2001_11_november_african parks

Elephants, lions and rhino do not carry passports. Nor do they have the wherewithal to open locked gates or climb over fences.

The trouble is that in the history of southern Africa boundaries between nations and boundaries between private and public lands have been marked out and fenced, not according to patterns of animal migration, but according to the need, greed and wants of humans.

This is changing – to the benefit of the animals and the humans. And the change is coming despite political instability and poverty in many of the nations affected.

The idea of transfrontier conservation areas – or peace parks – began 10 years ago, but it was not until South Africa became democratic and the civil war ended in Mozambique that the idea could come to fruition. South Africa’s Kruger National Park (in the country’s north-east) has joined Gaza in Mozambique and Gonarhezou in Zimbabwe to form a 35,000 sq km park – at least on paper. But there is a huge amount of work to be done – particularly restocking and de-mining in Mozambique after the ravages of civil war and poaching. But as the situation in Mozambique improves, the situation in Zimbabwe deteriorates.

The theory is that people, like the animals will be able to cross international borders within the park without formality, returning to the nation of entry when they leave the park.

In South Africa, a million people a year go to Kruger National Park. Mozambique hopes to get some spin off as the transfrontier conservation area gets better roads and resorts.

The long-term dream is to remove the barriers between a number of other private parks and public parks, such as Hluhluwe-Umfolozi and St Lucia World heritage area, in mid-south-east South Africa, to form a chain of parks and corridors through which game can travel safely and freely.

Hluhluwe-Umfolozi has one of the most successful rhino breeding programs in the world and perhaps the best place and easiest place to see both black and white rhino as it has the highest number of rhino than any park in the world. It has brought the white rhino back from the verge of extinction and has delivered rhinos to other parks that have been ravaged by poaching. There are still only 16,000 rhino in the world – 13,000 in Africa, 6000 of them bred at Hluhluwe-Umfolozi.

Abutting Kruger National Park is Sabi Sabi private game reserve. It has three lodges that defy reality. The bathroom with full glass looks out to the wild bush with no fence or barrier. You can be showering in a luxury bathroom looking over a private spa-pool to antelopes and buffalo.

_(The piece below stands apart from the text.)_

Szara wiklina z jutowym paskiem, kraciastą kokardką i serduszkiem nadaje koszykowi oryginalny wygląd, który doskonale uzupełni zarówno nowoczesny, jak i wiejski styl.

Not only are there no fences around the lodges, but there are no reserve boundary fences. The private reserves are seeing no benefit in holding “”their” game captive within their borders. They get more game by allowing migration and the gene pool for the animals is improved. Sabi Sabi has the full range of game – it would be pretty difficult NOT to see examples of the major African species in a couple of days going out with guides in open-top four-wheel drives.

In public parks, you can self-drive, but there are disadvantages: in a sedan you are lower down so you see less and you are unguided without the advantage of radio contact with other vehicles whose drivers have spotted game.

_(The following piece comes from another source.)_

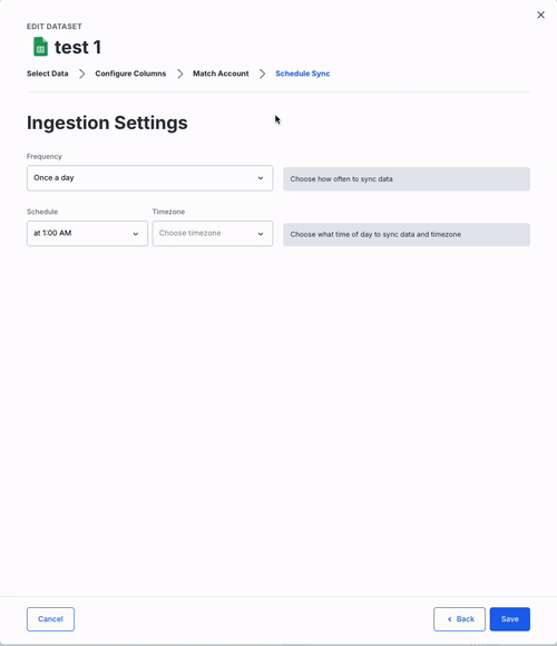 - Set the refresh time (once a day or multiple times per day) for the data sync.
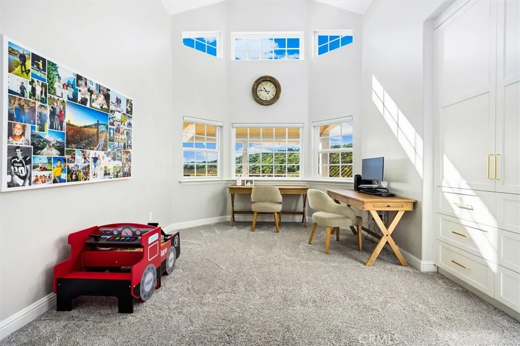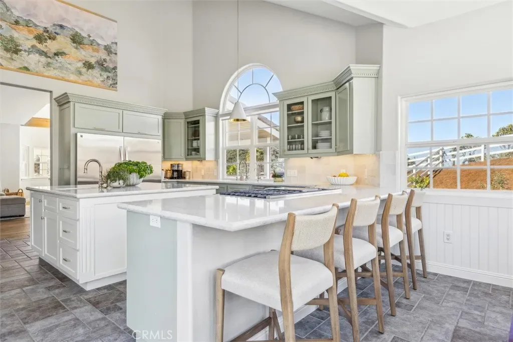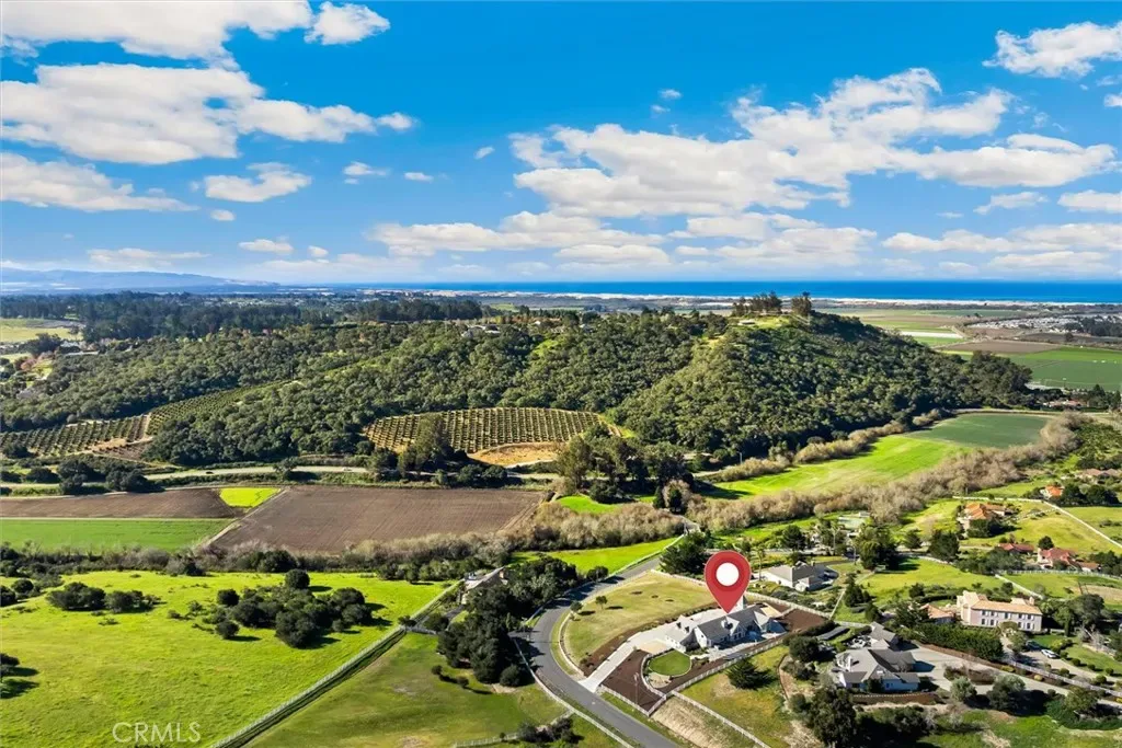 Nestled within the gated community of Falcon Ridge Estates in Arroyo Grande, 172 Falcon Crest Drive is perched atop a recently landscaped 2.65 acre lot and overlooks a lush valley and glimmers of the Pacific Ocean in the distance.

We witnessed a stark example of another drawback. We saw a couple in a Toyota Corolla with a puncture. The woman was crying hysterically while the man wondered whether to take his chances with the lions by changing the tyre.

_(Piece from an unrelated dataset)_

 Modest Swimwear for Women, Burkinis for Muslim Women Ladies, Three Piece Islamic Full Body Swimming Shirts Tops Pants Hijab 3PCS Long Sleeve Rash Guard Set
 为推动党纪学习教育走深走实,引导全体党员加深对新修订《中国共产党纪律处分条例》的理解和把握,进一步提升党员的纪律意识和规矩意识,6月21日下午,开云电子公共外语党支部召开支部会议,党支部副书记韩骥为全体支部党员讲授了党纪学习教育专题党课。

With fences coming down and poaching under control South Africa now has to cull elephants because they can be hugely destructive of vegetation – knocking down trees to get at the succulent, new leaves at the top. But as the peace parks progress, the aim is to reduce or eliminate culling. As Marc Reading a guide with Thompson’s Tours says, it is stupid to have South Africa culling elephants when Mozambique has a shortage.

But the only way to get the peace parks to work, particularly Gaza-Kruger-Gonarhezou which has a large human population, is to show local people the economic benefits and jobs that come from tourism.

You recognise that when you watch a white rhino crossing the road in front of you and you think that this wonderful beast would be extinct unless people paid to come to see it.